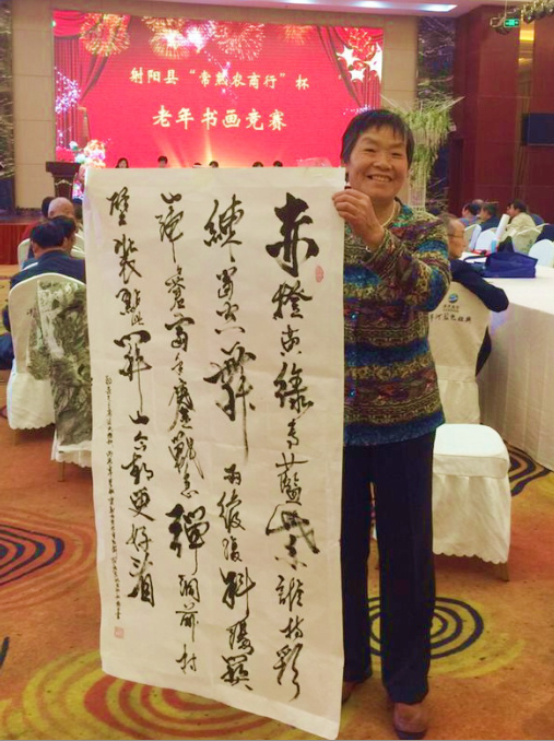 據(jù)了解,趙梅生原是江蘇農(nóng)墾淮海農(nóng)場石油機械廠的退休職工,她不但能寫一手瀟灑的字,而且小篆、隸書、楷書、草書等書法樣樣精通,家中存有一卷一卷的各類書法作品;經(jīng)她創(chuàng)作的人物肖像、山水畫、素描等作品,家中堆成了一摞一摞的。對特別鐘意、栩栩如生的繪畫,她總是裝裱起來,掛在大廳或是送給友人。無論是在上海普佗區(qū)陽光二居委書畫協(xié)會出版的《晚霞余輝》書畫作品選中,還是農(nóng)場書畫室陳列的精品展上,我們都可看到趙梅生的名字和熟悉的畫,沒有想到今年已是73歲的她,還能寫畫出如此逼真、如此飄曳的書法書畫,真是看了令人嘆為觀止。20167月,趙梅生書寫的小篆“勿忘抗日戰(zhàn)爭,頌揚民族精神,反對侵略占領(lǐng),維護世界和平”排在了拾貝軒網(wǎng)絡(luò)書法展第9名;同年10月,在射陽縣老齡協(xié)會、縣老齡辦聯(lián)合主辦的射陽縣“常熟農(nóng)商行”杯老年書畫競賽上,趙梅生的草書又獲得了二等獎;2017年在砥礪奮進的江蘇農(nóng)墾書畫大賽上,趙梅生又以一幅山水畫、一幅草書獲得了江蘇農(nóng)墾“喜迎十九大和集團黨代會、喜慶江蘇農(nóng)墾成立65周年”書畫作品展優(yōu)秀作品。
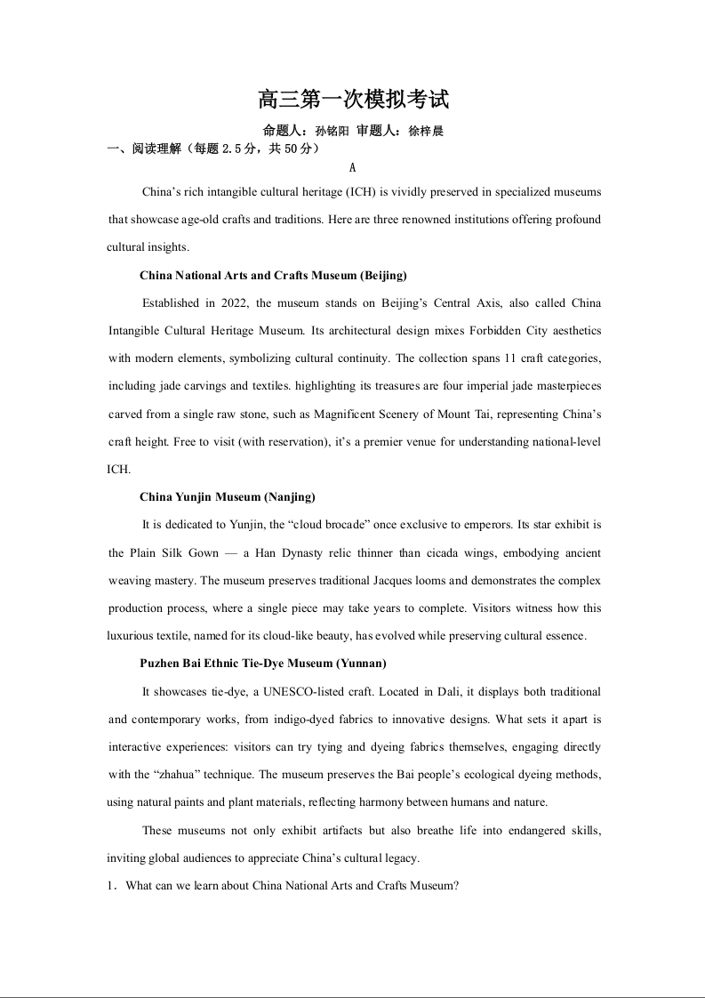 高三英语+答案--江苏南京市六合区名校联盟2026届高三下学期第一次模拟考试
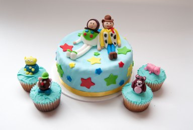 Esta semana entregué cupcakes de Bugs Bunny, torta y cupcakes de Toy Story y cupcakes de Pegaso, el personaje de Hércules la peli de Disney. Les comparto imágenes.
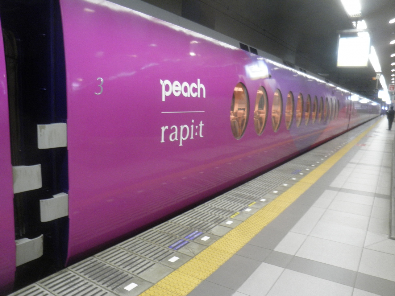 関西国際空港の旅客ターミナルは、南海電鉄とJRの駅とブリッジでつながっていて、鉄路での移動が楽です。 大阪なんばに行くときは、南海電車の特急ラピードが速くて便利です。 今回は、ピーチエアラインのピンクにペイントされた車両に乗りました。 かっこいいので楽しい気分になりました。 また、あんまり乗客は乗っていませんでした。
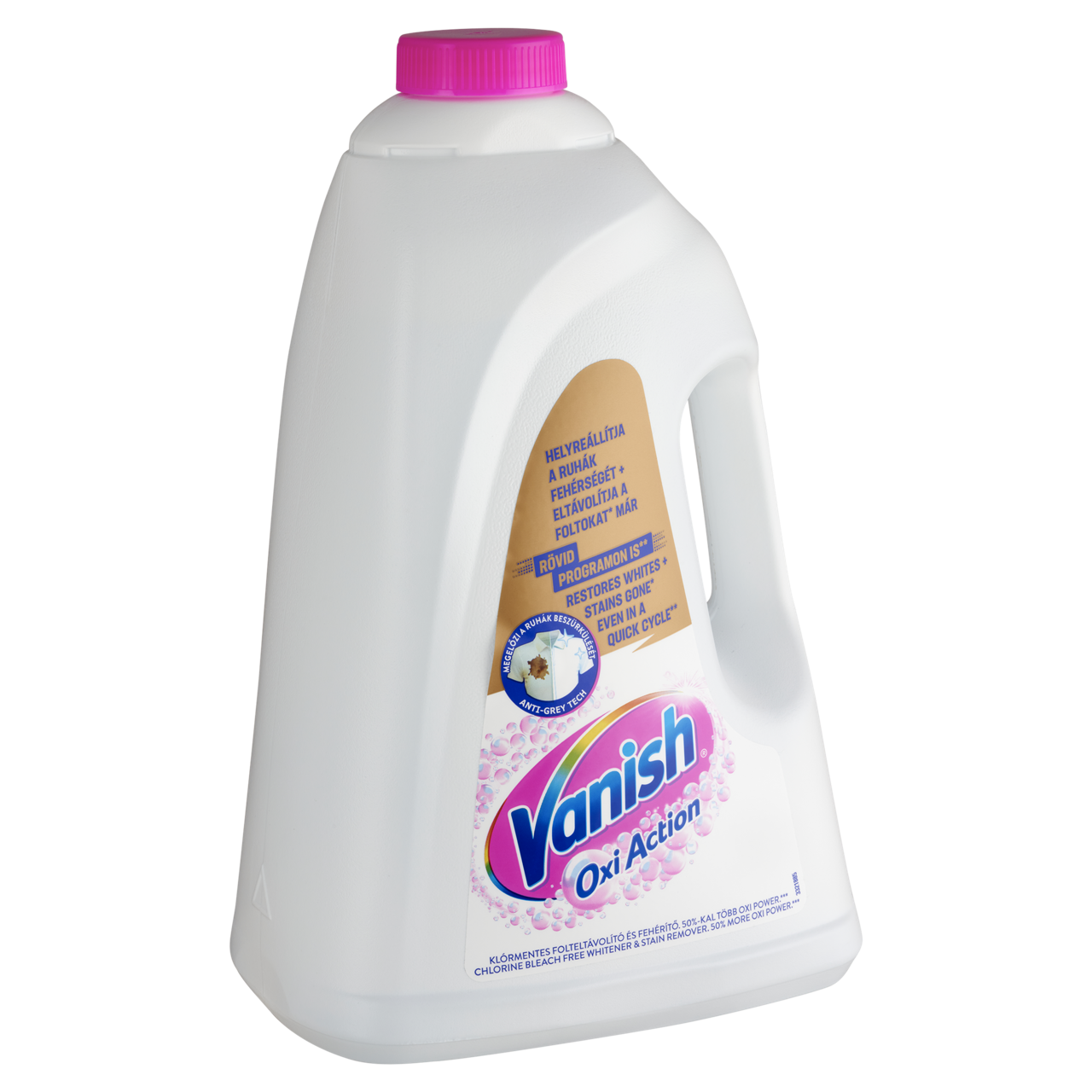 A fehér ruhákhoz készült Vanish folyékony fehérítő és folteltávolító nemcsak hogy az első mosáskor eltávolítja a foltokat, hanem akár 10 árnyalattal fehérebb ruhákat eredményez. Egyedülálló összetételének köszönhetően mélyen behatol a szövetbe, ugyanakkor maximálisan kíméletes a textíliákhoz. Fehérítő összetevőket tartalmaz, hogy ragyogó fehérséget biztosítson a ruhaneműnek, és eltávolítja az összes friss és beszáradt foltot. VANISH Oxi Action nagyszerű segítő a fehér textíliák tökéletes megjelenéséhez.
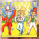 Ventana con la pintura animal de Louis Wain Tres gatos interpretando una canción y una ley de danza (1860-1939). Tres gatos antropomorfados con túxdos y sombreros de primera y bailan y cantan con sus pañuelos y bastones. Un regalo maravilloso para los amantes de los gatos y el arte inglés.
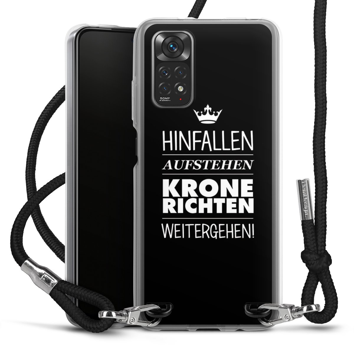 Habe Dein Handy, dank der flexiblen Silikon Handyhülle zum Umhängen mit der Handykette aus Stoff, immer griffbereit.
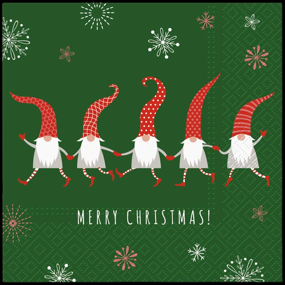 Karácsonyi dekorszalvéta 3 rétegű papír "Barátságos manók" 33x33 cm 20 lap/csomag
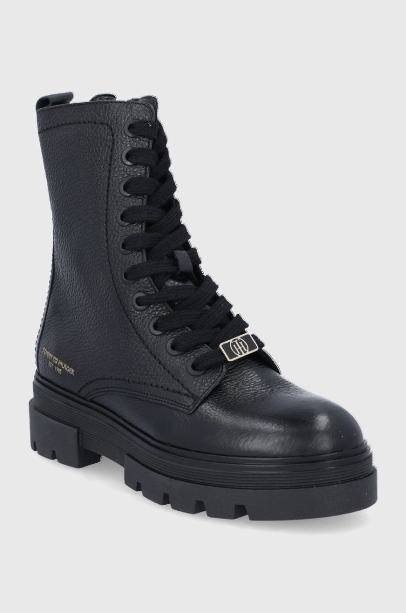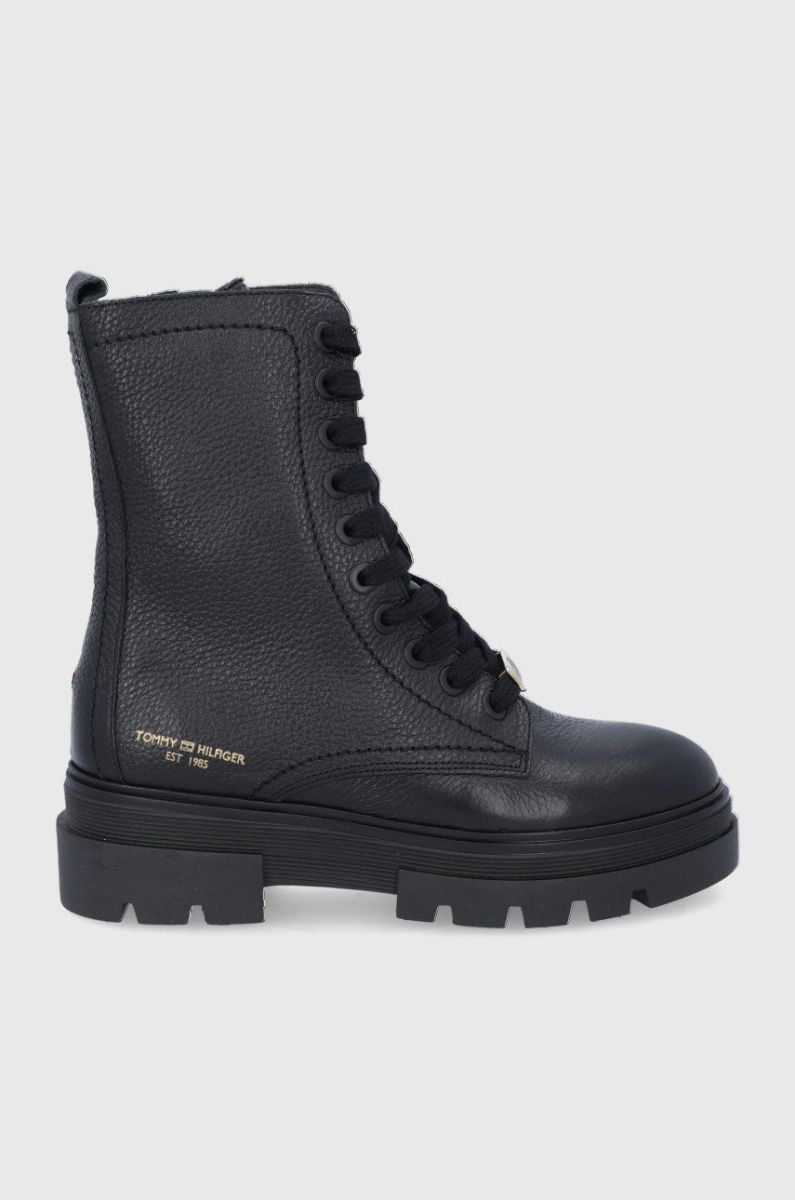 Шкіряні черевики Tommy Hilfiger жіночі колір чорний на платформі злегка утеплена
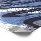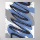 The artwork is an abstract composition featuring bold black brushstrokes arranged in slanted, curved repetitions, resembling flowing waves or large connected letters. Behind these strokes, irregular patches of blue and grey create layered depth, while thin curved lines in black and grey spread across the white background. The overall impression conveys dynamic movement and a sense of continuous energy, as if symbolising crashing waves or powerful flowing forces in an abstract form.
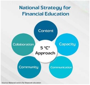 10. National Strategy for Financial Education 2020–2025 adopted a 5-C approach built around Content, Capacity, Community-led communication, Communication strategy, and Collaboration among multiple stakeholders nationwide.
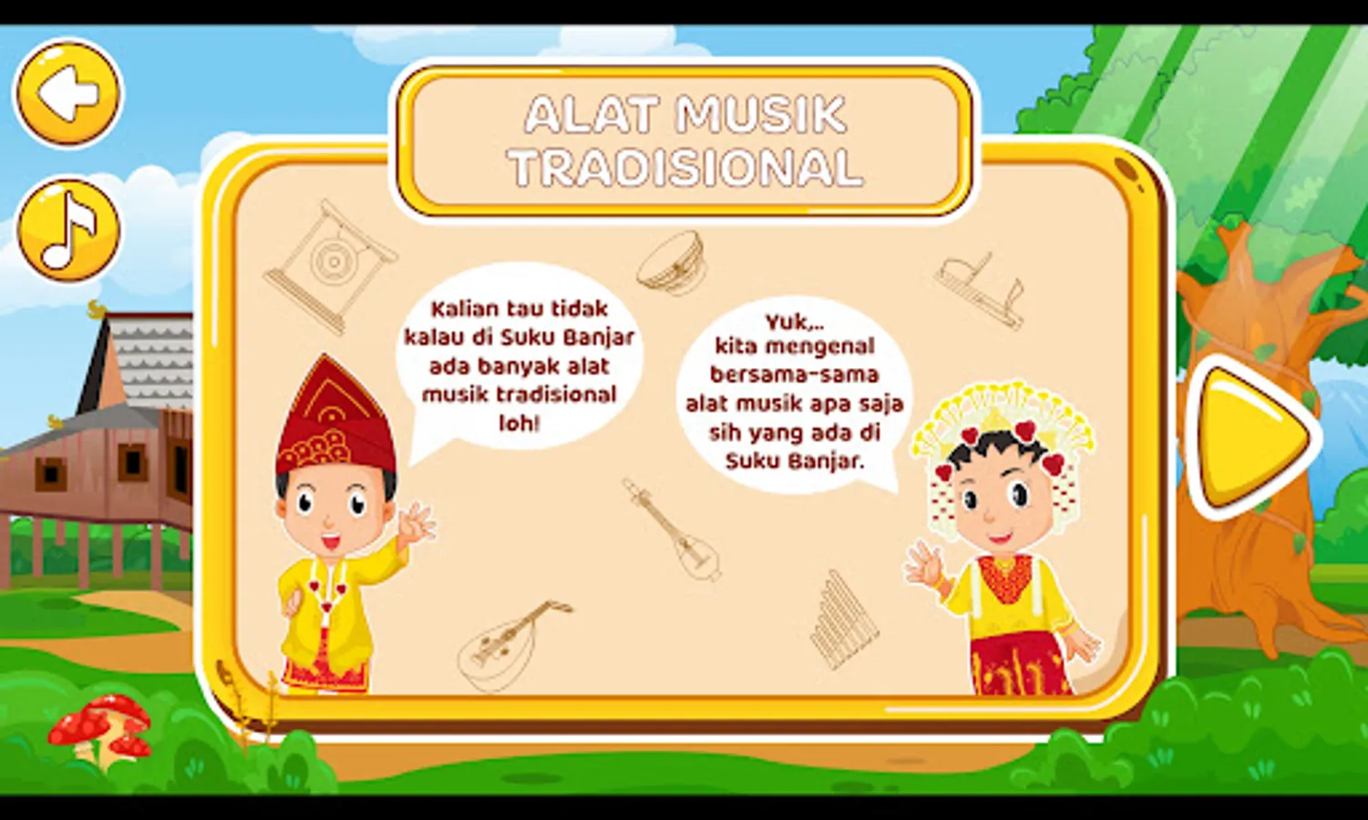 Asik Banjar is a series of children's education applications created to help children learn about musical instruments typical of the Banjar Tribe Tradition with exciting and fun sensations.
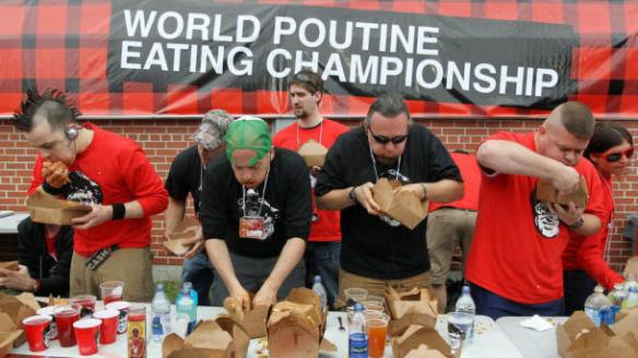 Zum Leidwesen der Québecker wird Poutine längst auch in anderen Teilen des Landes und sogar in den USA serviert. Und, schlimmer geht nimmer: Ausgerechnet in den USA fand vor zwei Jahren die erste Weltmeisterschaft im Poutinefressen statt. Sieger wurde ein gewisser Pat „Deep Dish“ Bertoletti aus Chicago. Er verdrückte in der kürzesten Zeit 5.8 Kilo Poutine. Dafür gab’s eine Trophäe und 750 Dollar.

================

**TASK DESCRIPTION:**
In the data above, take the line with "A fehér ruhákhoz", the line with "Шкіряні черевики Tommy", and every line between, and set them down exactly without pictures.

**TASK SOLUTION:**
 A fehér ruhákhoz készült Vanish folyékony fehérítő és folteltávolító nemcsak hogy az első mosáskor eltávolítja a foltokat, hanem akár 10 árnyalattal fehérebb ruhákat eredményez. Egyedülálló összetételének köszönhetően mélyen behatol a szövetbe, ugyanakkor maximálisan kíméletes a textíliákhoz. Fehérítő összetevőket tartalmaz, hogy ragyogó fehérséget biztosítson a ruhaneműnek, és eltávolítja az összes friss és beszáradt foltot. VANISH Oxi Action nagyszerű segítő a fehér textíliák tökéletes megjelenéséhez.
 Ventana con la pintura animal de Louis Wain Tres gatos interpretando una canción y una ley de danza (1860-1939). Tres gatos antropomorfados con túxdos y sombreros de primera y bailan y cantan con sus pañuelos y bastones. Un regalo maravilloso para los amantes de los gatos y el arte inglés.
 Habe Dein Handy, dank der flexiblen Silikon Handyhülle zum Umhängen mit der Handykette aus Stoff, immer griffbereit.
 Karácsonyi dekorszalvéta 3 rétegű papír "Barátságos manók" 33x33 cm 20 lap/csomag
 Шкіряні черевики Tommy Hilfiger жіночі колір чорний на платформі злегка утеплена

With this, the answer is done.